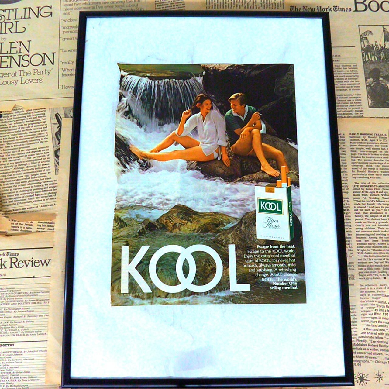 KOOLはアメリカ発のメンソールたばこブランドで、1933年に誕生しました。メンソールたばこのパイオニアとして知られており、その爽やかな味わいと冷涼感で多くの愛煙家から長年支持されています。ブランド名の“KOOL”は、清涼感やクールさを連想させ、自然やリラックスしたライフスタイルをイメージした広告展開が特徴です。特に1970年代には、若々しさやアウトドアを強調した広告ビジュアルが多数制作され、当時の潮流を象徴する存在となりました。
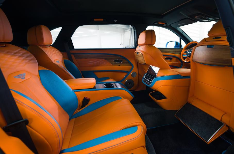 В оснащение уникальной «Бентайги» вошла тонировка задней полусферы, колеса диаметром 22 дюйма в цветах Kingfisher/Beluga и пакет Touring с системой ночного видения, адаптивным круиз-контролем и «проекцией». Салон у машины четырехместный. Сзади стоят суперкомфортные кресла Airline Seat, которые, как и другие элементы интерьера, обтянуты кожей Mandarin с акцентами Kingfisher. Также для отделки использована кожа темно-синего оттенка Imperial Blue и декоративные вставки из акации коа. Финальные штрихи — запираемый бокс для ценностей и напольные коврики с мандариновой микрострочкой и синей окантовкой.
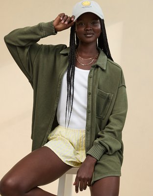 Aerie Lumberjane Fleece Shirt Women s Olive Fun L Very well made.
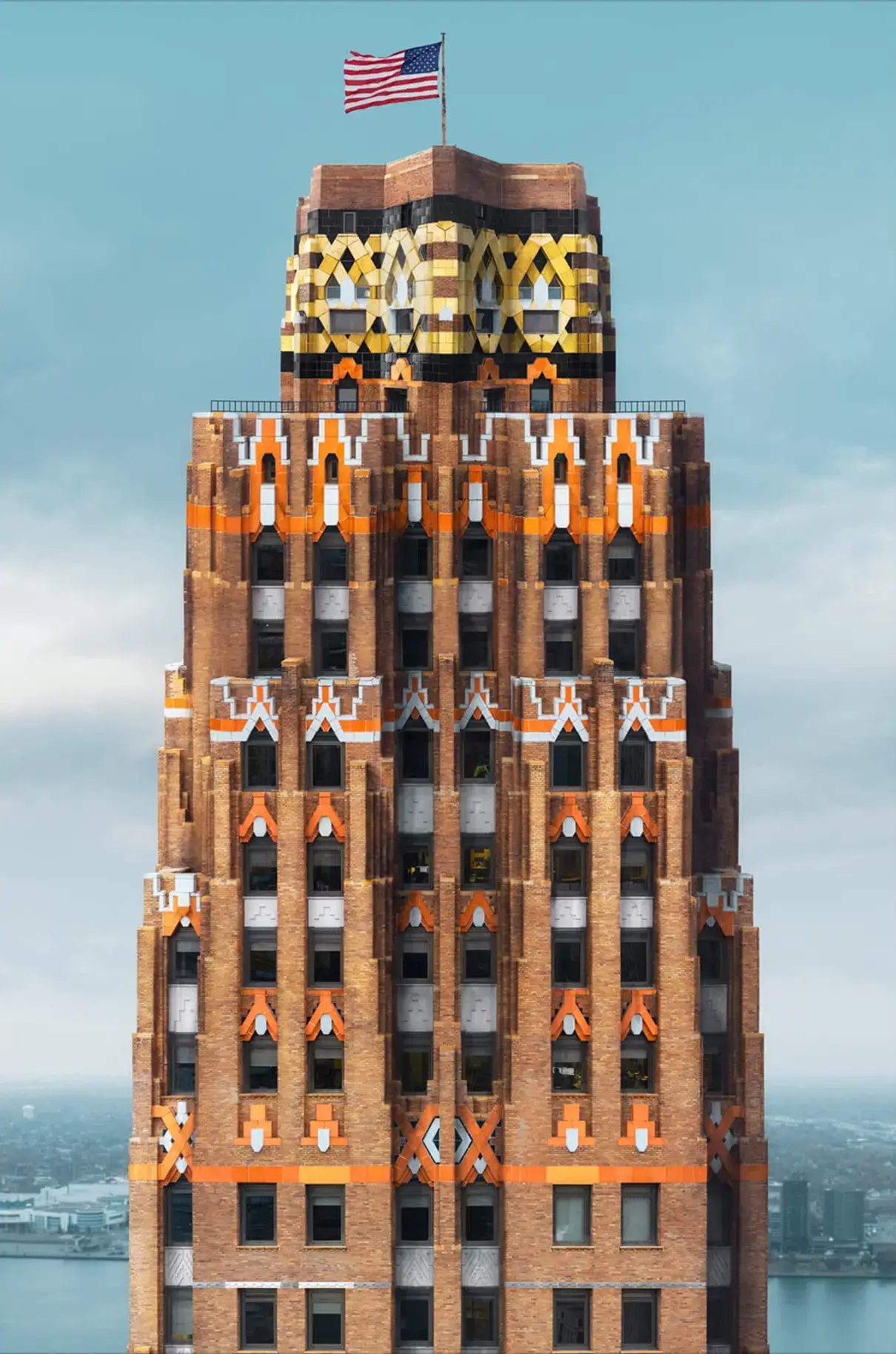 Rising majestically against the cityscape, the Guardian Building showcases a spectacular example of Art Deco grandeur, its facade adorned with vibrant orange and tan geometrical embellishments. The centerpiece of the image is the stately American flag, unfurling in the breeze atop the historic edifice.
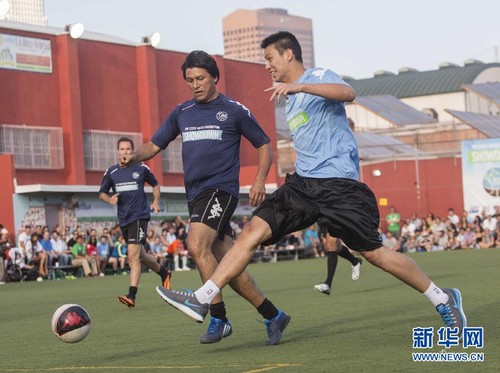 林书豪出席纳什慈善足球赛 场边热身秀颠球(图)(4)
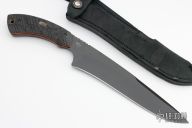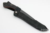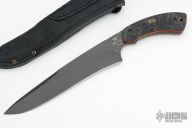 This Open Season Moose Skinner from Buck Knives features a black cerakoted blade with swedge and notched thumbrest. The handle is comprised of black g10 and orange liners over full tang construction. Hidden lanyard pin in pommel. Includes leather sheath with belt loop and original box and COA. 1/150 made for the Buck of the month club. Excellent condition.
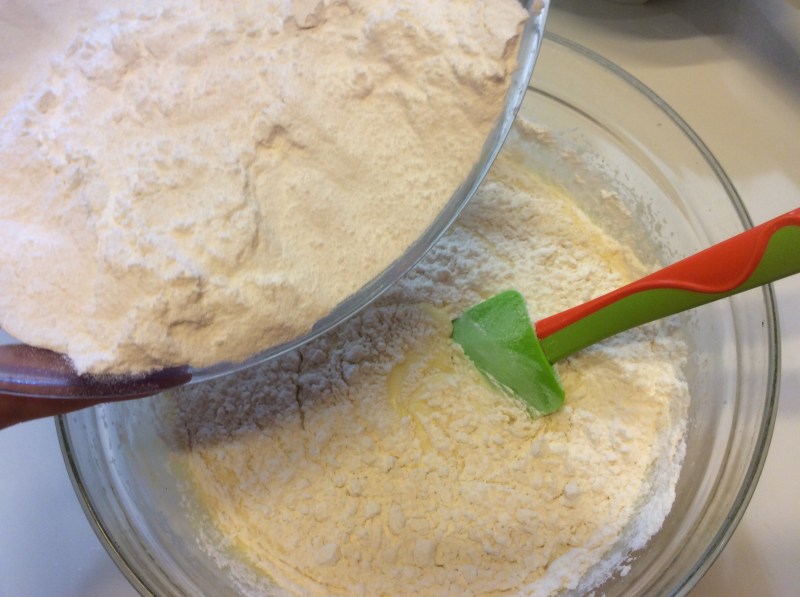 Lo aggiungo poco per volta alla farina mescolando delicatamente
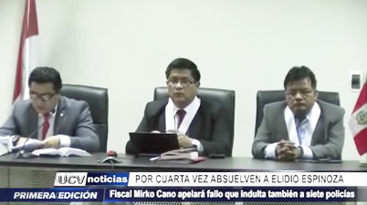 El Poder Judicial absolvió por cuarta vez al Coronel en retiro Elidio Espinoza, y siete policías acusados de integrar presuntamente el “Escuadrón de la muerte” en 2007. Por su parte, el fiscal Mirko Cano Gamero señaló que apelará el fallo.
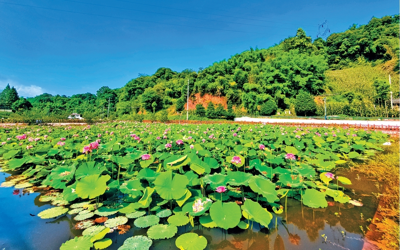 粉荷绽于翠叶间,与青山蓝天相映,绘就乡村生态美景
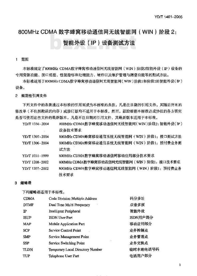 YD/T 1401适用于800MHz CDMA数字蜂窝移动通信网无线智能网(WIN)阶段1和阶段2的智能外设(IP)设备。
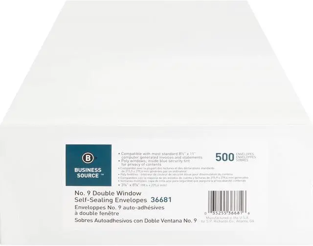 Business Source No. 9 Double Window Invoice Envelopes, Self Sealing (36681)

• [TASK PROMPT]: With the pictures omitted, the records above are to be repeated exactly.

• [ANSWER]:
 KOOLはアメリカ発のメンソールたばこブランドで、1933年に誕生しました。メンソールたばこのパイオニアとして知られており、その爽やかな味わいと冷涼感で多くの愛煙家から長年支持されています。ブランド名の“KOOL”は、清涼感やクールさを連想させ、自然やリラックスしたライフスタイルをイメージした広告展開が特徴です。特に1970年代には、若々しさやアウトドアを強調した広告ビジュアルが多数制作され、当時の潮流を象徴する存在となりました。
 В оснащение уникальной «Бентайги» вошла тонировка задней полусферы, колеса диаметром 22 дюйма в цветах Kingfisher/Beluga и пакет Touring с системой ночного видения, адаптивным круиз-контролем и «проекцией». Салон у машины четырехместный. Сзади стоят суперкомфортные кресла Airline Seat, которые, как и другие элементы интерьера, обтянуты кожей Mandarin с акцентами Kingfisher. Также для отделки использована кожа темно-синего оттенка Imperial Blue и декоративные вставки из акации коа. Финальные штрихи — запираемый бокс для ценностей и напольные коврики с мандариновой микрострочкой и синей окантовкой.
 Aerie Lumberjane Fleece Shirt Women s Olive Fun L Very well made.
 Rising majestically against the cityscape, the Guardian Building showcases a spectacular example of Art Deco grandeur, its facade adorned with vibrant orange and tan geometrical embellishments. The centerpiece of the image is the stately American flag, unfurling in the breeze atop the historic edifice.
 林书豪出席纳什慈善足球赛 场边热身秀颠球(图)(4)
 This Open Season Moose Skinner from Buck Knives features a black cerakoted blade with swedge and notched thumbrest. The handle is comprised of black g10 and orange liners over full tang construction. Hidden lanyard pin in pommel. Includes leather sheath with belt loop and original box and COA. 1/150 made for the Buck of the month club. Excellent condition.
 Lo aggiungo poco per volta alla farina mescolando delicatamente
 El Poder Judicial absolvió por cuarta vez al Coronel en retiro Elidio Espinoza, y siete policías acusados de integrar presuntamente el “Escuadrón de la muerte” en 2007. Por su parte, el fiscal Mirko Cano Gamero señaló que apelará el fallo.
 粉荷绽于翠叶间,与青山蓝天相映,绘就乡村生态美景
 YD/T 1401适用于800MHz CDMA数字蜂窝移动通信网无线智能网(WIN)阶段1和阶段2的智能外设(IP)设备。
 Business Source No. 9 Double Window Invoice Envelopes, Self Sealing (36681)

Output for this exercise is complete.